[This post is tagged "nothing to do with e-learning...]
Earlier this year the Transport Select Committee began an Inquiry on Road Safety. The then Chair of the Committee, Gwyneth Dunwoody MP, who sadly died in April of this year, helpfully agreed to allow my family to submit a memorandum of evidence, well beyond the closing date, concerning the problem of undiagnosed sleep apnoea and the large numbers of vocational drivers suffering from it.

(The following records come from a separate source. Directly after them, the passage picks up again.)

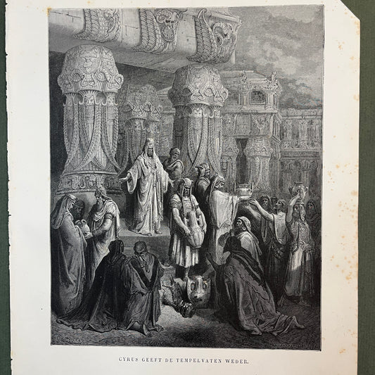 Cyrus geeft de tempelvaten weder. Originele houtgravure van Gustave Doré uit 1875.
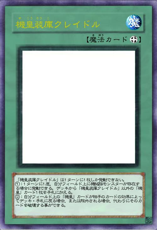 「機皇装庫クレイドル」は1ターンに1枚しか発動できない。 ①:1ターンに1度、自分フィールド上に機械族モンスターが存在する場合に発動できる。デッキから「機皇装庫クレイドル」以外の「機皇」カード1枚を手札に加える。 ②:自分フィールド上の「機皇」カードが相手のカードの効果によってデッキ・手札に戻る場合、または除外される場合、代わりにそのカードを破壊する事ができる。 |
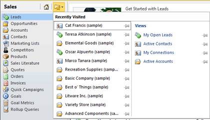 Have you ever been annoyed by the fact that when you switch between entities you always get presented with the default view, which isn’t necessarily what you wanted? Not any more! In CRM 2011 you can chose and open any view without having to open the default view first. From the sitemap menu, which you can open by clicking on the little arrow that appears when you mouse over the name, you can now pick the view you want to open directly. Or you can choose other options from the right-click menu such as opening it in a new window or copying/e-mailing a link.
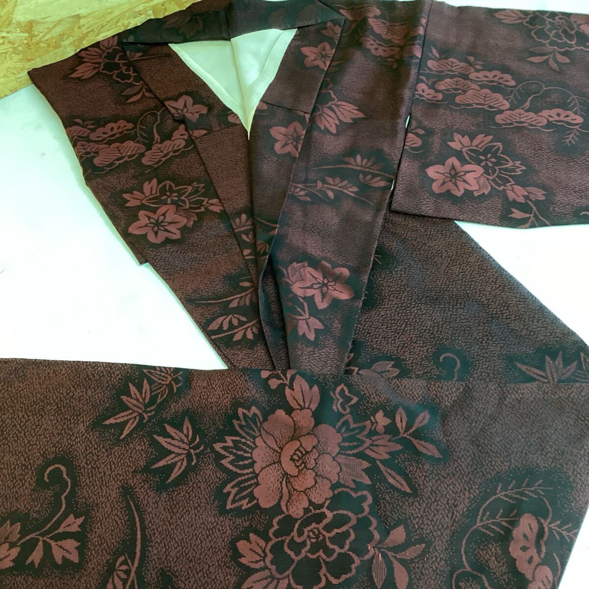 - 和装 着物 茶系 花柄 モダン シンプル カジュアル 綺麗な和柄 (ぬ45)
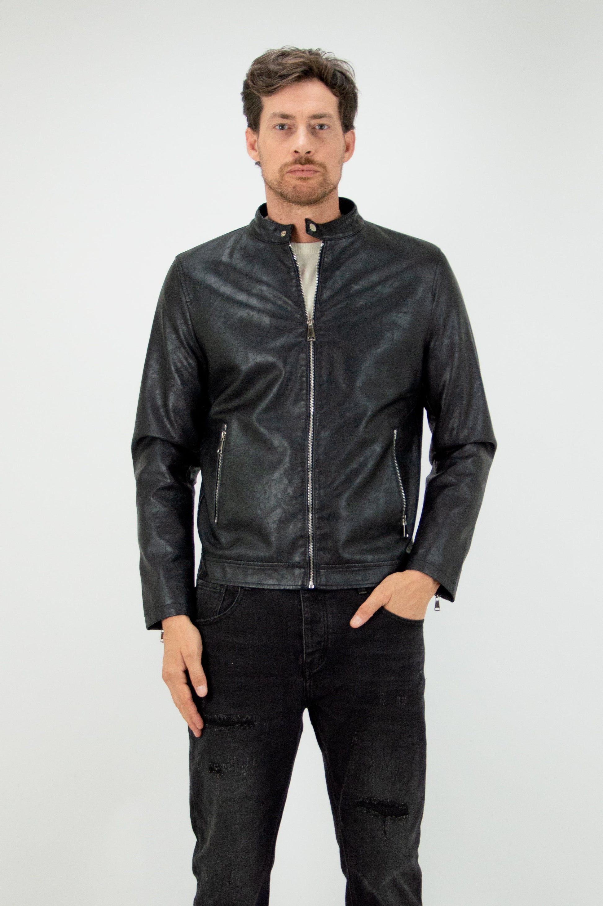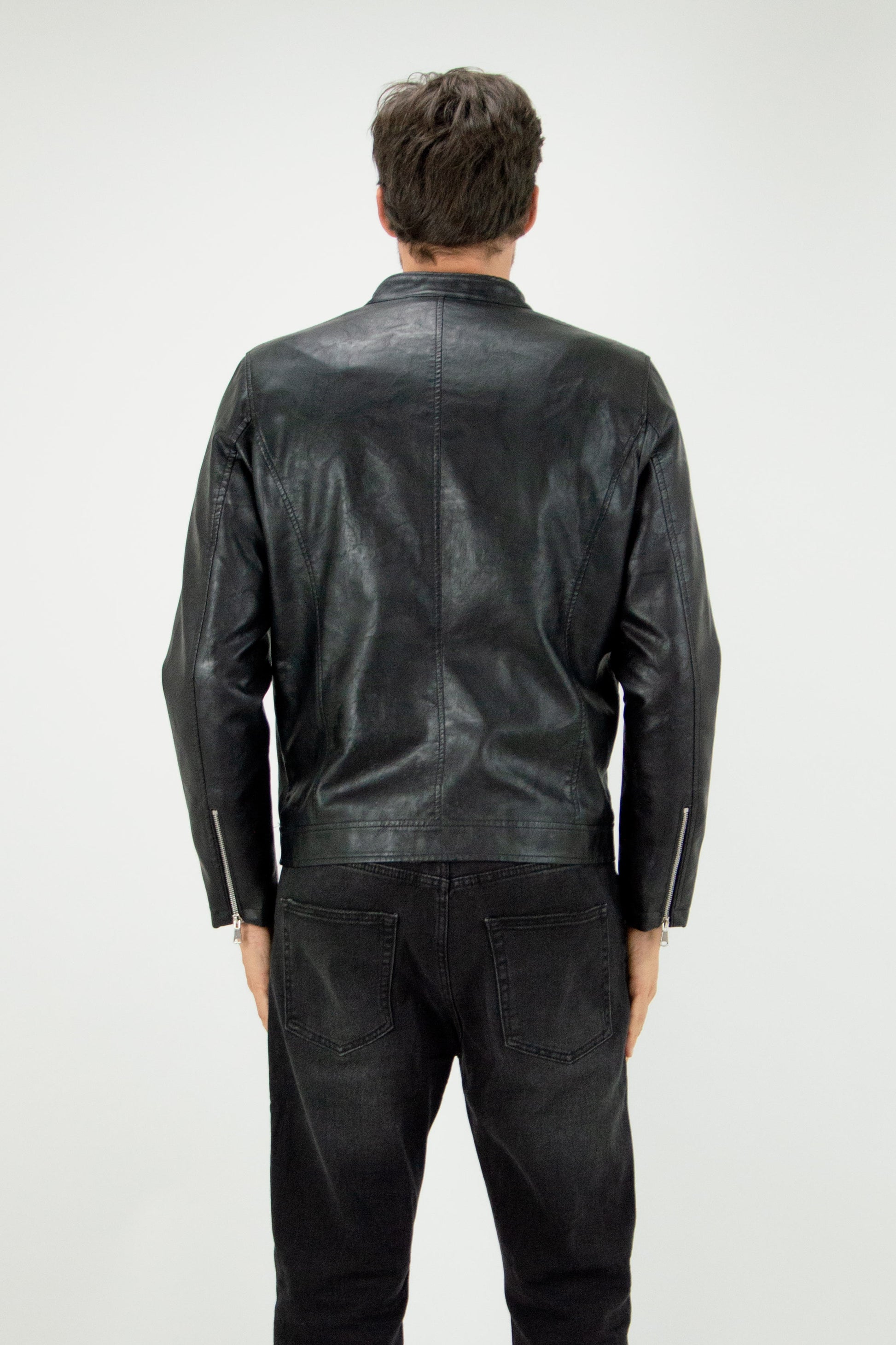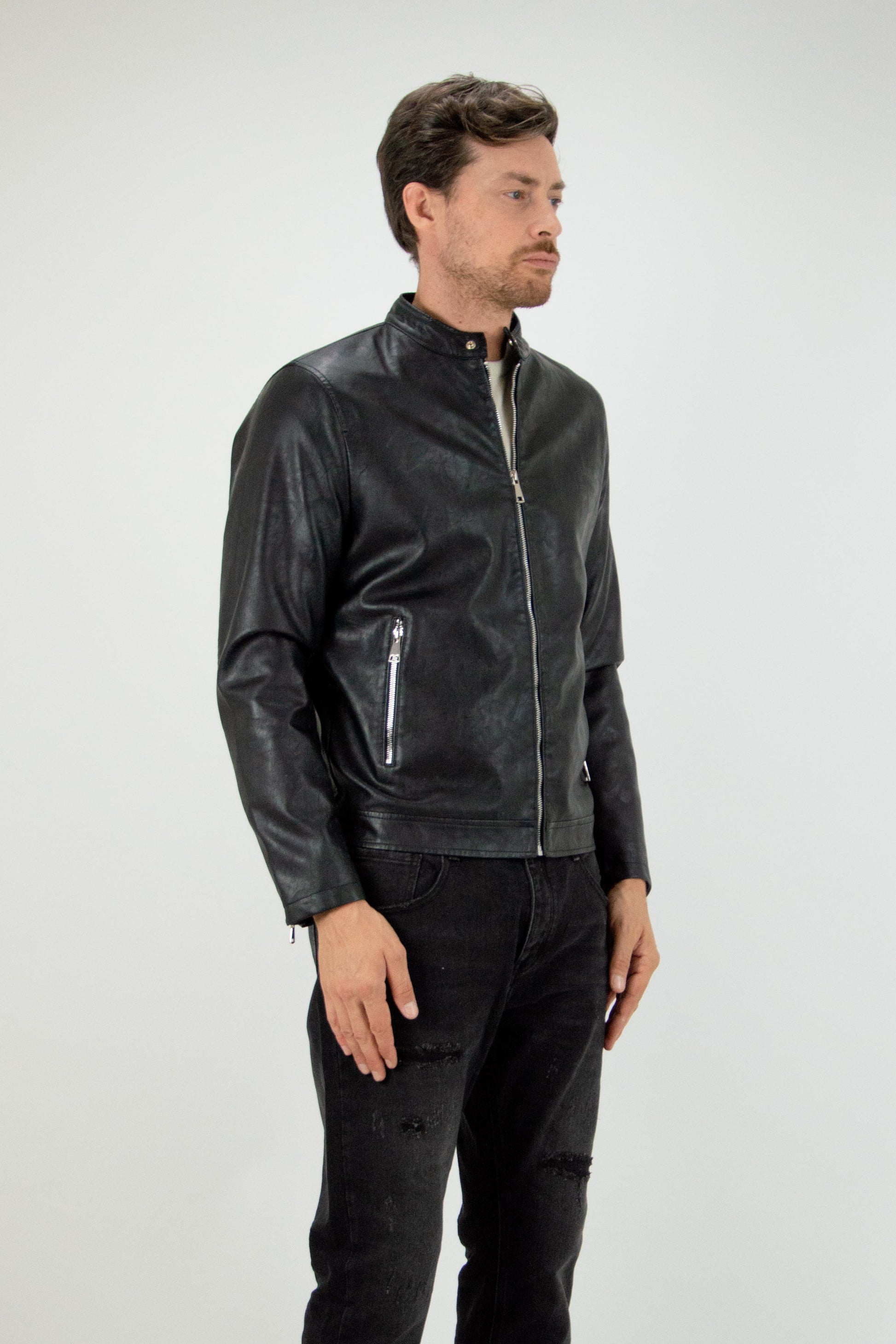 Giubbino in ecopelle con colletto alla coreana e cinturino.

Our evidence is now available on the Parliament UK web site. One of the things we called for was for the Health and Safety Executive, with its responsibilities
for minimising work-related death and injury, and with its powers
to insist on action by employers to prevent risks to non-employees
(that is, road users at risk from drivers suffering from sleep
apnoea), to play a much more prominent role in relation to
work-related fatal road-traffic accidents and their prevention. The Transport Select Committee's report, published on 15/10/2008, makes scant reference to sleep-related road accidents, and none to sleep apnoea, but it is nevertheless good to see that the report highlights, in paragraph 110 the anomaly that "the
vast majority of work-related deaths are not examined by the Health
and Safety Executive, purely because they occur on the roads", and calls for the Government to "review the role of the Health and Safety
Executive with regard to road safety to ensure that it fulfils
its unique role in the strategy beyond 2010".